Doc Sanders turned toward the hallway leading to her waiting room, where a figure had appeared in the doorframe. Emerson blinked, trying to get her brain to reconcile the free-flowing confusion between the boy in her memory and the man standing in front of her. The gray-blue eyes were the same, although a tiny bit more weathered around the edges, and weirdly, the sling was also a match. But the person staring back at her was a man, with rough edges and sex appeal for days, full of hard angles and harder muscles under his jeans and T-shirt…
Hunter Cross.
Emerson stood with her feet anchored to the linoleum, unable to move or speak or even breathe. For the smallest scrap of a second, she tumbled back in time, her heart pounding so hard beneath her crisp white button-down that surely the traitorous thing would jump right out of her chest.

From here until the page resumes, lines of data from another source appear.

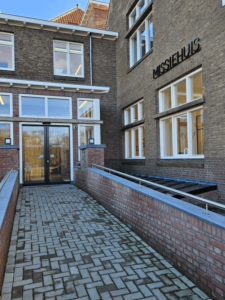 Met de fiets komt u aan via de sportvelden van de Blauwe Berg. Dan neemt u links de afslag naar de doodlopende weg uitgezonderd voor fietsers. Dan ziet u de school die zich in dit pand bevindt. U gaat voor de school langs rechtsaf. Vervolgens ziet u de parkeerplaatsen en de ingang van de Missiehuis Kliniek.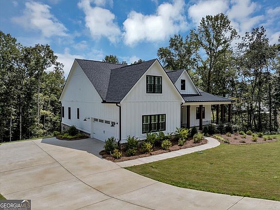 Step into refined elegance at this stunning Ball Ground residence. Designed with sophistication and comfort in mind, this home features soaring ceilings, expansive windows, and a seamless open layout that exudes modern luxury. The chef's kitchen is a true centerpiece, boasting quartz countertops, custom cabinetry, premium appliances, and a statement island ideal for entertaining. Retreat to the lavish owner's suite with its spa-like bath, complete with soaking tub, glass-enclosed shower, and designer finishes. Spacious secondary bedrooms and thoughtfully appointed living areas provide both comfort and style. Outdoors, enjoy a beautifully landscaped setting with ample space for private relaxation or elegant gatherings. Ideally located near charming downtown Ball Ground, this home offers the perfect balance of luxury living and everyday convenience.
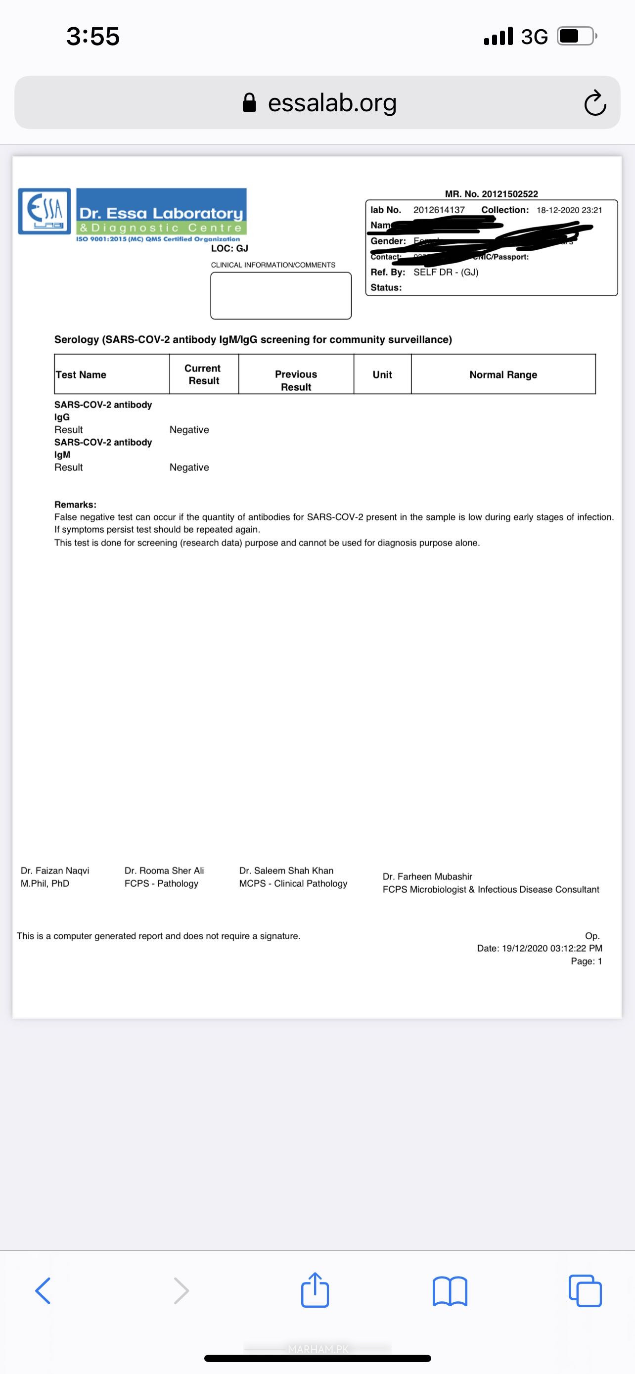 Negative report of antibodies is not confirmation of state of covid. you have to have covid 19 pcr nasal swab report for that.

A blanket of stars littering the August sky…the warm weight of Hunter’s varsity jacket wrapped around her shoulders…the warmer fit of his mouth on hers as the breeze carried his whispers, full of hope… “Don’t go to New York. Stay with me, Em. Marry me and stay here in Millhaven where we’ll always have this, just you and me…”
“Emerson? What…what the hell are you doing here?”
The deeper, definitely more rugged-around-the-edges version of his voice tipped the scales of her realization all the way into the present. She needed to say something, she knew, but her mouth had gone so dry that she’d have better luck rocketing to the moon in a paper airplane right now.
“I work here,” Emerson finally managed, the truth of the words—of what they meant—delivering her back to reality with a hard snap. She hadn’t returned to Millhaven for a jaunt down memory lane. Hell, she’d only come back when her process of elimination had dead-ended in total despair. She was here for one thing, and one thing only. To bury herself in as much work as her body would allow. Even if her first client probably hated her guts.